EXTRACTED RECORDS:
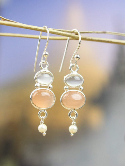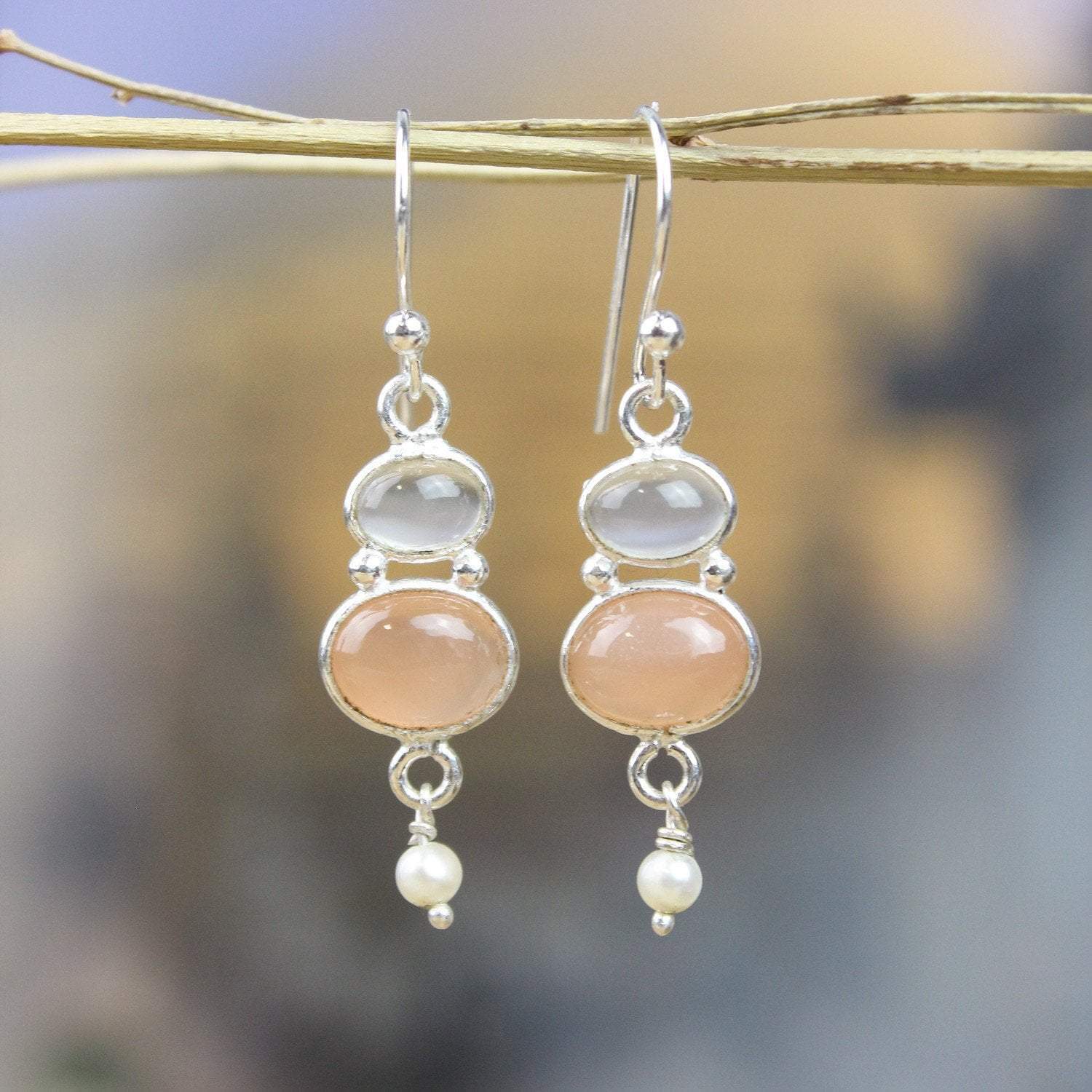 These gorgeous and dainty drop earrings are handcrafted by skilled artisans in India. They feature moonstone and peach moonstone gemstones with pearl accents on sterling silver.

==

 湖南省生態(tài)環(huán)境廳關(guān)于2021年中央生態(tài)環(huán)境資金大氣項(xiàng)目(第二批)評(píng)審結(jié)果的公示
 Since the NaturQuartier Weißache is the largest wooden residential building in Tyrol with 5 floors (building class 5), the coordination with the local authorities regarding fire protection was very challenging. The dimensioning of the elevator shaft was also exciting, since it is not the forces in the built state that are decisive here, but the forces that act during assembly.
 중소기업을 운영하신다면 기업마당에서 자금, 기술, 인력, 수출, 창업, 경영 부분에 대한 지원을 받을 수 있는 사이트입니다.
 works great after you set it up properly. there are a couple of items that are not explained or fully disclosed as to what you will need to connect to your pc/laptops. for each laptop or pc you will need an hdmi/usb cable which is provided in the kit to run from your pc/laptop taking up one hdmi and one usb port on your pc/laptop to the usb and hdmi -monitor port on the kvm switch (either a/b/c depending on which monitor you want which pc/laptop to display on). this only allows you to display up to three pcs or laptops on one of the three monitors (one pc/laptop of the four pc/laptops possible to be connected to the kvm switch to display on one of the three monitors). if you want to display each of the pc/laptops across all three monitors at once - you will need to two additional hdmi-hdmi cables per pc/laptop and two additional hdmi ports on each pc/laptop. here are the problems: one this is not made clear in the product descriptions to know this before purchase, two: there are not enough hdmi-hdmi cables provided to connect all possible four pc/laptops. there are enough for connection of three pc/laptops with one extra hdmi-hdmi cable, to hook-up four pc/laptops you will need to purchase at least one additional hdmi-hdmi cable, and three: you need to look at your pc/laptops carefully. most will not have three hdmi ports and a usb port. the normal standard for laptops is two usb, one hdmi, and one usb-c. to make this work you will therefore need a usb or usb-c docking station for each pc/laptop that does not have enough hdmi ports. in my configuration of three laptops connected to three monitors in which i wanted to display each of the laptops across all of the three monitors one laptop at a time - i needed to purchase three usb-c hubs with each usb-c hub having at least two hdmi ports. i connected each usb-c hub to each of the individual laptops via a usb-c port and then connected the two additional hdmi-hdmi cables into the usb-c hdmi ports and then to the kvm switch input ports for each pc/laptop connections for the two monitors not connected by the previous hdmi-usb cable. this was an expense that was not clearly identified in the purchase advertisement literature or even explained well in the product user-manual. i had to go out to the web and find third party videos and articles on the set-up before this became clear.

DESCRIPTION OF THE TASK: Your answer must be the lines above from the one containing "Since the NaturQuartier" to the one containing "중소기업을 운영하신다면 기업마당에서", both included, restated word for word.

RESPONSE TO THIS TASK:
 Since the NaturQuartier Weißache is the largest wooden residential building in Tyrol with 5 floors (building class 5), the coordination with the local authorities regarding fire protection was very challenging. The dimensioning of the elevator shaft was also exciting, since it is not the forces in the built state that are decisive here, but the forces that act during assembly.
 중소기업을 운영하신다면 기업마당에서 자금, 기술, 인력, 수출, 창업, 경영 부분에 대한 지원을 받을 수 있는 사이트입니다.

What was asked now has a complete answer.